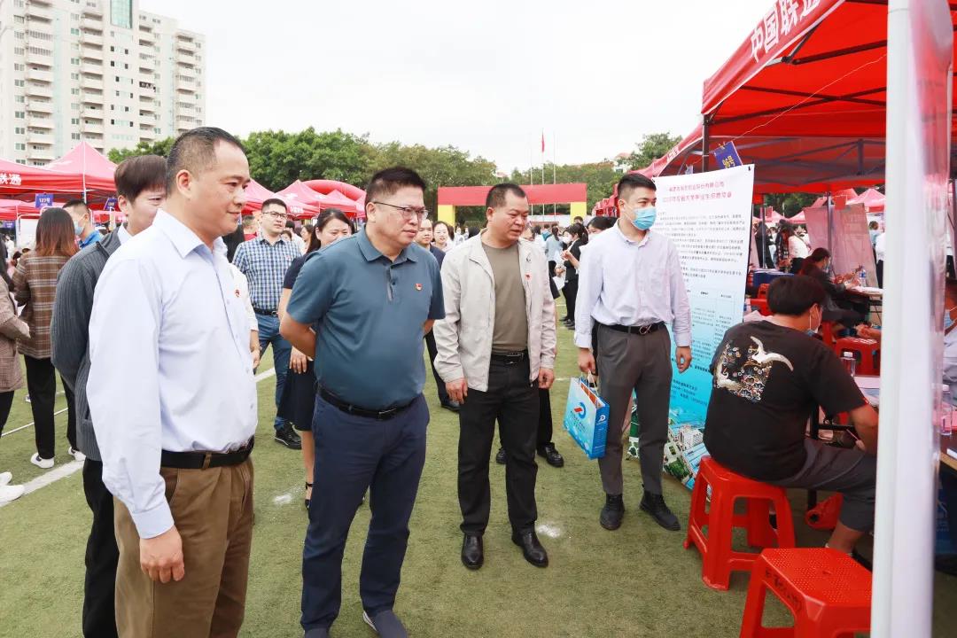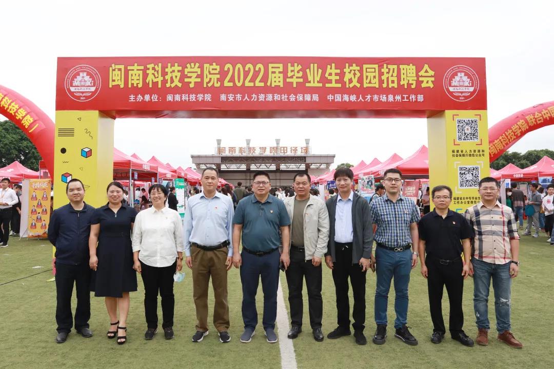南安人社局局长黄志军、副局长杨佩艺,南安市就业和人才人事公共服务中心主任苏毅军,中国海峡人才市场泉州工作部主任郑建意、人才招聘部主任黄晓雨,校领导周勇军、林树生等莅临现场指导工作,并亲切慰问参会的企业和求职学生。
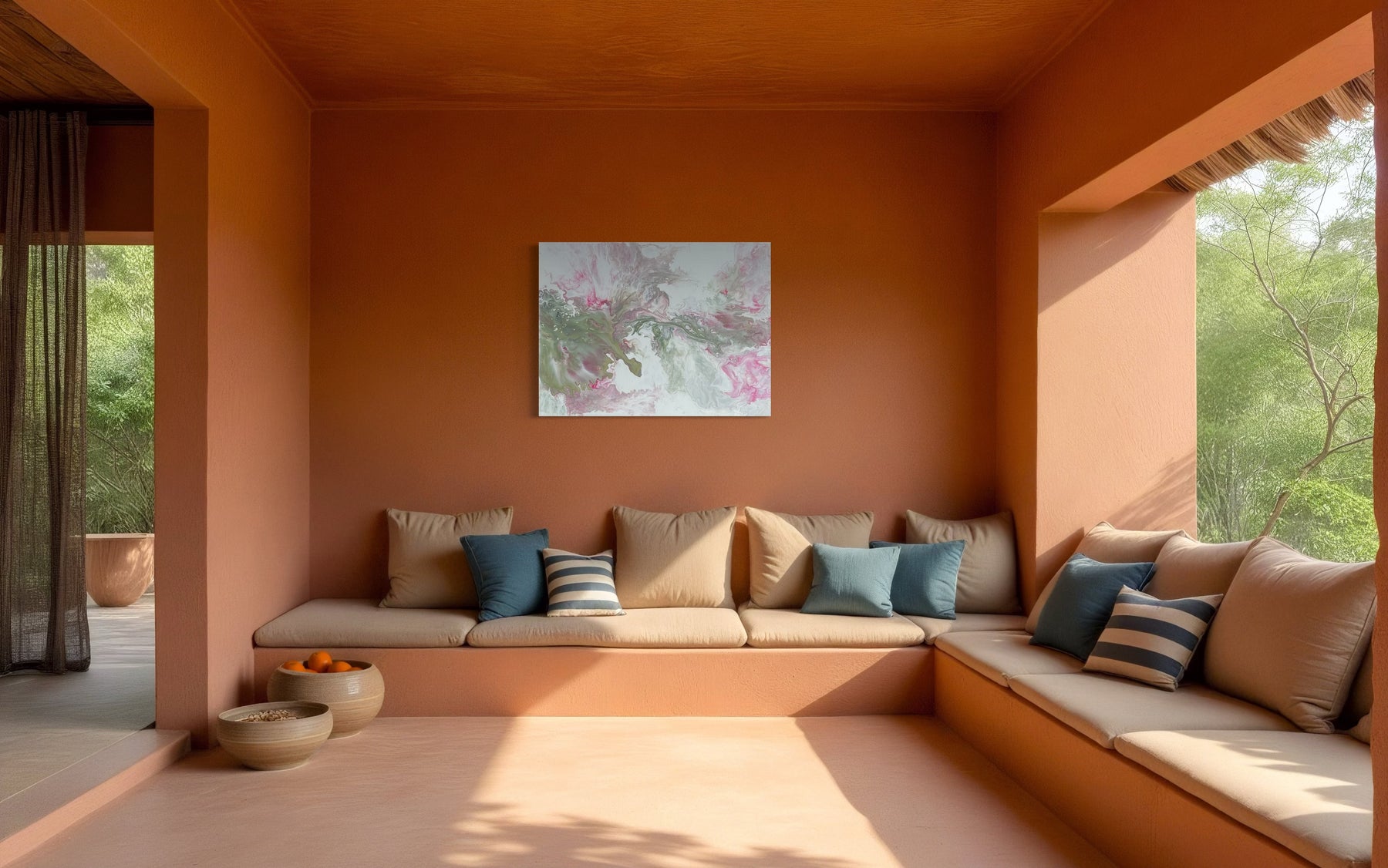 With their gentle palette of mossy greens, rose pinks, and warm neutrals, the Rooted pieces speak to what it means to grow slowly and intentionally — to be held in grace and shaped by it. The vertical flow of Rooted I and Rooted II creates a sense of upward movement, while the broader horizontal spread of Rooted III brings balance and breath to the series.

...

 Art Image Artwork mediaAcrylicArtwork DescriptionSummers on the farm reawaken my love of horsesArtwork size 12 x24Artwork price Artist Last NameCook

### Work order
Start with the line above containing "南安人社局局长黄志军、副局长" and end with the line containing "With their gentle". Set down that stretch exactly, without any pictures.

### Solved problem
南安人社局局长黄志军、副局长杨佩艺,南安市就业和人才人事公共服务中心主任苏毅军,中国海峡人才市场泉州工作部主任郑建意、人才招聘部主任黄晓雨,校领导周勇军、林树生等莅临现场指导工作,并亲切慰问参会的企业和求职学生。
 With their gentle palette of mossy greens, rose pinks, and warm neutrals, the Rooted pieces speak to what it means to grow slowly and intentionally — to be held in grace and shaped by it. The vertical flow of Rooted I and Rooted II creates a sense of upward movement, while the broader horizontal spread of Rooted III brings balance and breath to the series.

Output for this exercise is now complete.